Compare your tax returns: How did your tax load shape up last year, and how does it compare to this year? "Unless you've had a major change in your life your deductions are similar year-to-year," said Levine.

"If your effective tax rate was 20 percent on average last year, check your allowances to make sure you're close to 20 percent now," he said.

Talk to your accountant: The right amount of tax to withhold will vary from one family to the next.

For example, if you are a high earner and have no mortgage and no kids, it might make sense to withhold more for taxes. Conversely, a working couple earning less than $100,000 with three kids and a mortgage may be able to withhold less, due to the credits and deductions they can take.

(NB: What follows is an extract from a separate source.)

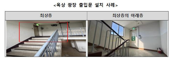 조사 대상의 40%(8곳)는 옥상광장이 최상층이 아닌 바로 아래층에 위치해 있었고, 이 가운데 5곳은 최상층으로 향하는 계단이 별다른 차단 없이 개방돼 있어 잘못 대피할 우려가 있는 것으로 나타났습니다.
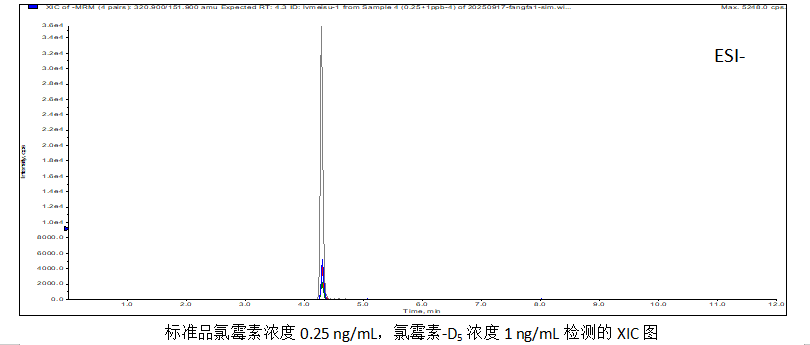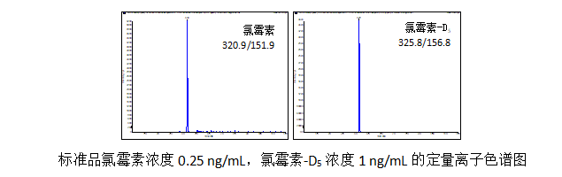 该标准相比以往液相色谱串联质谱检测方法的要求更严格,要求在相同测试条件下,试样溶液中氯霉素与其同位素内标(氯霉素-D5)的保留时间之比与标准溶液中氯霉素与其同位素内标(氯霉素-D5)的保留时间之比偏差在1%以内;且检测到的相对离子丰度应当与浓度相当的校正标准溶液相对离子丰度一致,其允许偏差为±40%。根据中华人民共和国农业农村部公告第250号《食品动物中禁止使用的药品及其他化合物清单》,氯霉素及其盐、酯均被列为禁止使用的药物,在动物性食品中不得检出,相比以往标准GB 31658.2-2021 食品安全国家标准 《动物性食品中氯霉素残留量的测定 液相色谱-串联质谱法》中的检出限要求0.1μg/kg,规定了更低的方法检出限0.05 μg/kg,为食品安全提高了更高的安全边际。

Calculating your withholding is even more complicated if you have multiple sources of income: distributions from retirement accounts or cash from a rental property. You'll need to make estimated quarterly tax payments in those cases, Steffen said.

"Work with a CPA to do a projection and figure out what your tax liability will be at the end of the year," he said. "In a perfect scenario, you'll have a balance due when you file your return, but not one that's large enough to create a penalty."

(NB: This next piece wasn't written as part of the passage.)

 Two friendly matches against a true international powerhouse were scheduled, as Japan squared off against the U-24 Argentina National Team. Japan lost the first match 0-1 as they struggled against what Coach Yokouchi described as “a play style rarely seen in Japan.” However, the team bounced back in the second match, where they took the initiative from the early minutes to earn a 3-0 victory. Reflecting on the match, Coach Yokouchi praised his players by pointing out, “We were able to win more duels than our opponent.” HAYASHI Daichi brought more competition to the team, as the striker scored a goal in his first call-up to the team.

Avoid tax arbitrage: If you withhold less in taxes because you have bigger plans with your paycheck, bear in mind that you'll owe Uncle Sam next year. Don't gamble your cash. "Some people do foolish things: 'If I invest the money and make 7 percent this year, and I beat the IRS's penalty, then I'm ahead,'" said Levine.

"If you've deliberately underpaid, the money should go someplace safe because this is a really short time horizon," he said.